I'm not sure how much of an edge case that is.

The recommendation (on phar.io) is to set a key up to be valid for a year, so basically the key for most projects will change on average once a year, which to me makes this sound like a very valid request.

We do not have a problem with changing keys. Phive actually detects that a key has changed and requests a confirmation whether or not this is intended.

The --trust-gpg-keys option is intended for CI usage, where no interactive confirmation on install (and yes, neither on update) is possible. I still fail to see why one would want to run update on CI though as the result is lost after the job completed.

If you have the tools committed along, there's no need to run phive at CI at all. If you only committed the phive.xml (or .phive/phars.xml), phive install is the way to go, potentially with the --trust-gpg-keys option in case you do not have the public keys in the keyring cached / warmed upfront to get the desired state back.

The only - and to me that is an edge case - scenario I can see where running update on CI would make sense is when you want to try to see whether updated tools are available and whether or not the build still works with these. And only when install was never run on CI before - resulting in no warmed keyring being available - would we need a means to auto-import new/changed keys.

I'm also not convinced that a change of keys should/can be treated the same as a previously unknown key. But that's a different story.

[jrfnl]

@theseer Thanks for your response.

We do not have a problem with changing keys. Phive actually detects that a key has changed and requests a confirmation whether or not this is intended.

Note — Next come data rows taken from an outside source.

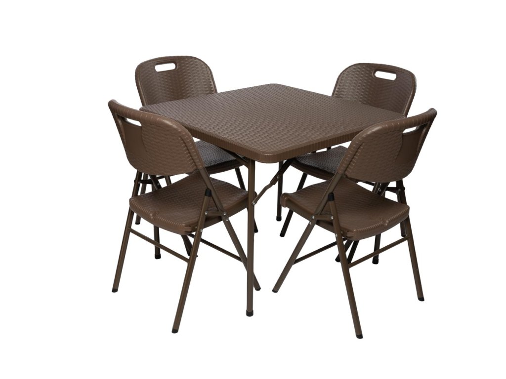 Ez a kerti szett ideális 4 fő kényelmes étkezéséhez bárhol, ahol csak szeretné. Az ajánlat egy rattan asztalt és rattan székeket tartalmaz, amelyek könnyen moshatók, nem igényelnek karbantartást, és egyszerűen kezelhetők, szállíthatók és tárolhatók. Összecsukva a székek egymásra rakhatók. A szett alkalmas családi összejövetelekre, ünnepségekre, nyaralóknak, kempingezőknek, horgászoknak, versenyzőknek, iskoláknak, óvodáknak, önkormányzati és városi kulturális központoknak, valamint cégek rendezvényeire.
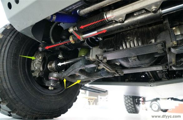 東風(fēng)四驅(qū)裝甲防雷反恐戰(zhàn)車為前置動(dòng)力、實(shí)時(shí)四輪驅(qū)動(dòng)設(shè)定,縱置發(fā)動(dòng)機(jī)(白色箭頭)直接與變速器(綠色箭頭)剛性連接,通過中間傳動(dòng)軸(黃色箭頭)至分動(dòng)器,在經(jīng)過前傳動(dòng)軸(紅色箭頭)與后傳動(dòng)軸將動(dòng)力輸出至前后驅(qū)動(dòng)橋。
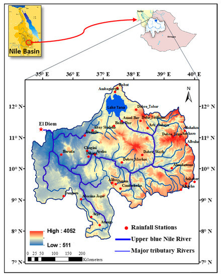 The approach we propose herein was implemented in the UBNRB, which is situated in Western Ethiopia, extends between 7°45′ and 12°45′N and from 34°05′ to 39°45′E, and has an area coverage of about 200,000 km2 (Figure 1). The Blue Nile originates at elevations of about 3000 m; then, it flows 1450 km from its origin at an elevation of 1829 m to reach Sudan with an elevation of 490 m, merging with the White Nile to form the Nile [38] (Figure 1). The river and its substreams have a natural northwest slope in general, but they are steeper in the east than in the west and northeast. During the primary rain season, June–October, almost 84% of the overall rainfall volume is received. On the Sudan–Ethiopia border, the estimated annual streamflow is around 48.660 million m3, exceeding 40% of the overall water resources in Ethiopia. The average annual runoff over the UBNRB is about 46 billion m3 (1456 m3/s), with a runoff ratio of 18% [39]. The rivers of the basin provide the Nile with more than 62% of its overall discharge at Aswan; therefore, the UBNRB is a major and vital water resource for Ethiopia and downstream countries.
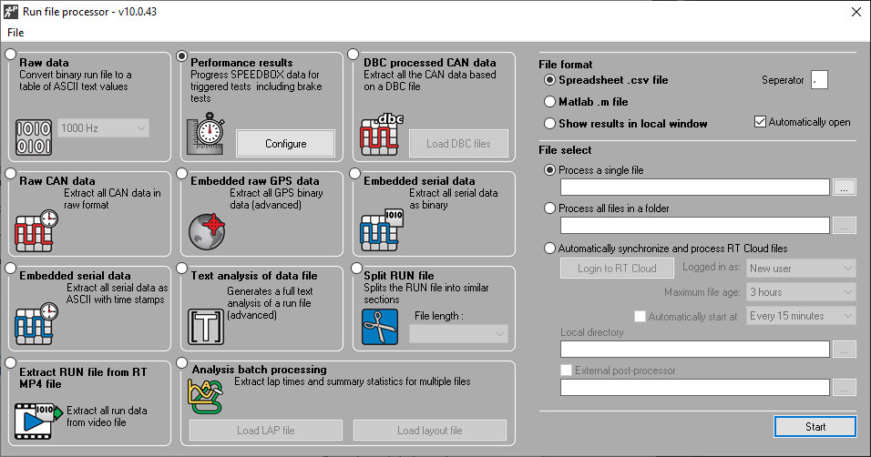 Extract, export and post process logged .RUN file data. Post process triggered test results from SPEEDBOX products, allowing multiple tests to be applied to the same run. Extract CAN, serial and GPS data to .csv or Matlab file format.

Ah, that's interesting. In that case, I agree shouldn't be needed. But that makes the issue I reported in #427 all the more weird (though I am still presuming I'm doing something wrong there).

Sorry for the noise. I came across this issue while looking to see if what I was seeing in #427 had been reported before.

[theseer]

Sorry for the noise. I came across this issue while looking to see if what I was seeing in #427 had been reported before.

Your comments are - as far as my experience goes - never noise. And this issue is still open for the very reason I want to get more input before making a change.

I currently have hardly any time to work on open source, so I'm even more reluctant to implement things I do not understand the use case for :)

[JakeQZ]

reluctant to implement things I do not understand the use case for :)

We switched to not having the PHARs under version control (as you may see from the cross-referenced PRs/commits). This seems to work better in general for multiple development environments across various platforms, and we've not IIRC had any issues since.

Possibly we may have misunderstood the best practices at the time of setting up, though that was before GitHub Actions, when we were using Travis, so I can't be sure.

I think it should be stated clearly in the docs that it is not recommended to put the PHARs under version control. (Though there may be use-cases where you want that, for some specific reason.)